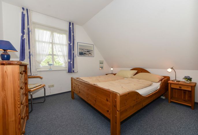 Im Schlafzimmer sorgt ein komfortables Doppelbett für erholsamen Schlaf, während eine Kommode und ein Einbauschrank viel Platz für Ihre Urlaubsgarderobe bieten.
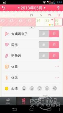 對(duì)女性用戶而言,使用這樣一款A(yù)PP可準(zhǔn)確記錄和推算月經(jīng)周期,并獲得較為全面、詳盡的小貼士,以解決各類生理難題。它提供了日歷功能,安全期、月經(jīng)期、危險(xiǎn)期一目了然,此外,用戶還可以錄入其他更詳細(xì)的信息,例如是否同房、是否吃避孕藥、體重、體溫、心情等等,便于全面記錄用戶的身體狀況,以建立詳細(xì)的個(gè)人檔案。
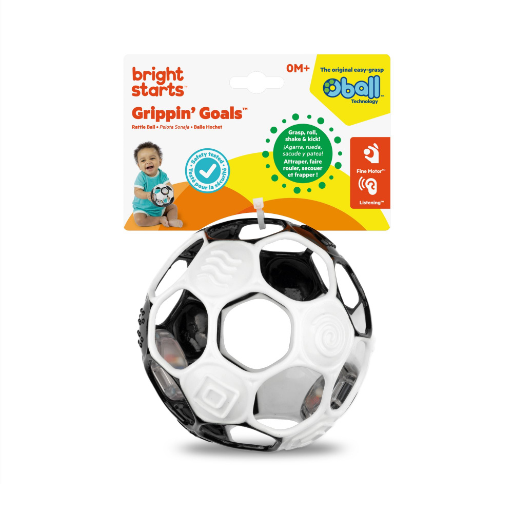 Découvrez la Hochet ballon de foot - noir/blanc de Oball. Conçu pour être facilement saisi même par les plus petits doigts, ce jouet pour bébé stimule le développement de la motricité fine à chaque secousse. Le design noir et blanc est idéal pour les premiers mois de bébé, car ces contrastes forts sont les seuls que les nourrissons distinguent nettement au début de leur vie. Le bébé peut la mordre (matériau sûr sans BPA), la faire rouler, la lancer ou même essayer de donner des coups de pied dedans. La balle contient de petites perles multicolores qui produisent un son de cliquetis amusant lorsque l'enfant secoue le jouet, stimulant ainsi l'ouïe.

BRIEF:
Please write out all of the data verbatim, with no pictures in the copy.

SOLUTION TO THIS EXERCISE:
 Im Schlafzimmer sorgt ein komfortables Doppelbett für erholsamen Schlaf, während eine Kommode und ein Einbauschrank viel Platz für Ihre Urlaubsgarderobe bieten.
 對(duì)女性用戶而言,使用這樣一款A(yù)PP可準(zhǔn)確記錄和推算月經(jīng)周期,并獲得較為全面、詳盡的小貼士,以解決各類生理難題。它提供了日歷功能,安全期、月經(jīng)期、危險(xiǎn)期一目了然,此外,用戶還可以錄入其他更詳細(xì)的信息,例如是否同房、是否吃避孕藥、體重、體溫、心情等等,便于全面記錄用戶的身體狀況,以建立詳細(xì)的個(gè)人檔案。
 Découvrez la Hochet ballon de foot - noir/blanc de Oball. Conçu pour être facilement saisi même par les plus petits doigts, ce jouet pour bébé stimule le développement de la motricité fine à chaque secousse. Le design noir et blanc est idéal pour les premiers mois de bébé, car ces contrastes forts sont les seuls que les nourrissons distinguent nettement au début de leur vie. Le bébé peut la mordre (matériau sûr sans BPA), la faire rouler, la lancer ou même essayer de donner des coups de pied dedans. La balle contient de petites perles multicolores qui produisent un son de cliquetis amusant lorsque l'enfant secoue le jouet, stimulant ainsi l'ouïe.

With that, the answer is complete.